OBJECTIVE: This executive summary of a German national guideline aims to provide the most relevant evidence-based recommendations on the diagnosis and treatment of nosocomial pneumonia.
METHODS: The guideline made use of a systematic assessment and decision process using evidence to decision framework (GRADE). Recommendations were consented by an interdisciplinary panel. Evidence analysis and interpretation was supported by the German innovation fund providing extensive literature searches and (meta-) analyses by an independent methodologist. For this executive summary, selected key recommendations are presented including the quality of evidence and rationale for the level of recommendation.

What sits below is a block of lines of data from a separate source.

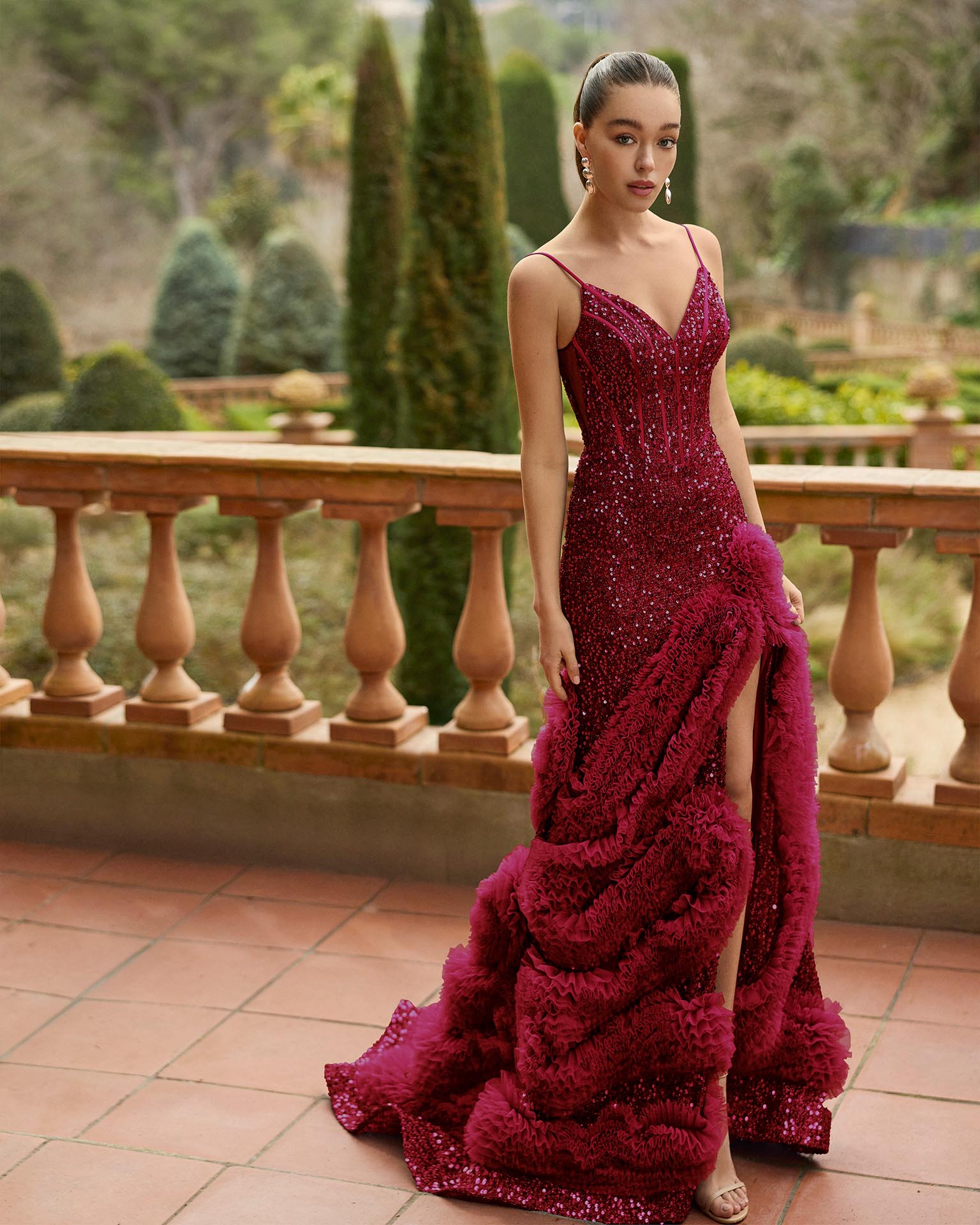 Abito da sera lungo. Realizzato in paillettes. Scollo a V con spalline. Volant in tulle sulla gonna. Include scialle.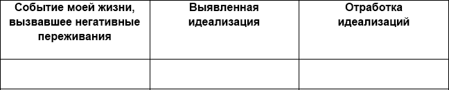 Вторая колонка: «Выявленная идеализация». Сюда вы будете записывать, какие ваши идеализации «воспитывает» жизнь этим эпизодом. Поскольку за любым переживанием стоит значимая для вас идея о том, каким должен быть этот мир (или конкретный человек), а мир с вашими ожиданиями не совпал, то вы запишете туда свои ожидания.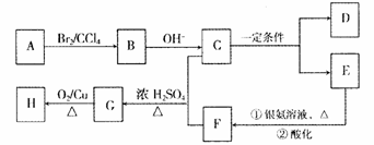 其中A、D常温下为气态,C的相对分子质量为90,C和乙二醇互为同系物,H能发生银镜反应。已知:

RESULTS: The original guideline contains 26 recommendations for the diagnosis and treatment of adults with nosocomial pneumonia, thirteen of which are based on systematic review and/or meta-analysis, while the other 13 represent consensus expert opinion. For this key summary, we present 11 most relevant for everyday clinical practice key recommendations with evidence overview and rationale, of which two are expert consensus and 9 evidence-based (4 strong, 5 weak and 2 open recommendations). For the management of nosocomial pneumonia patients should be divided in those with and without risk factors for multidrug-resistant pathogens and/or Pseudomonas aeruginosa. Bacterial multiplex-polymerase chain reaction (PCR) should not be used routinely. Bronchoscopic diagnosis is not considered superior to´non-bronchoscopic sampling in terms of main outcomes. Only patients with septic shock and the presence of an additional risk factor for multidrug-resistant pathogens (MDRP) should receive empiric combination therapy. In clinically stabilized patients, antibiotic therapy should be de-escalated and focused. In critically ill patients, prolonged application of suitable beta-lactam antibiotics should be preferred. Therapy duration is suggested for 7-8 days. Procalcitonin (PCT) based algorithm might be used to shorten the duration of antibiotic treatment. Patients on the intensive care unit (ICU) are at risk for invasive pulmonary aspergillosis (IPA). Diagnostics for Aspergillus should be performed with an antigen test from bronchial lavage fluid.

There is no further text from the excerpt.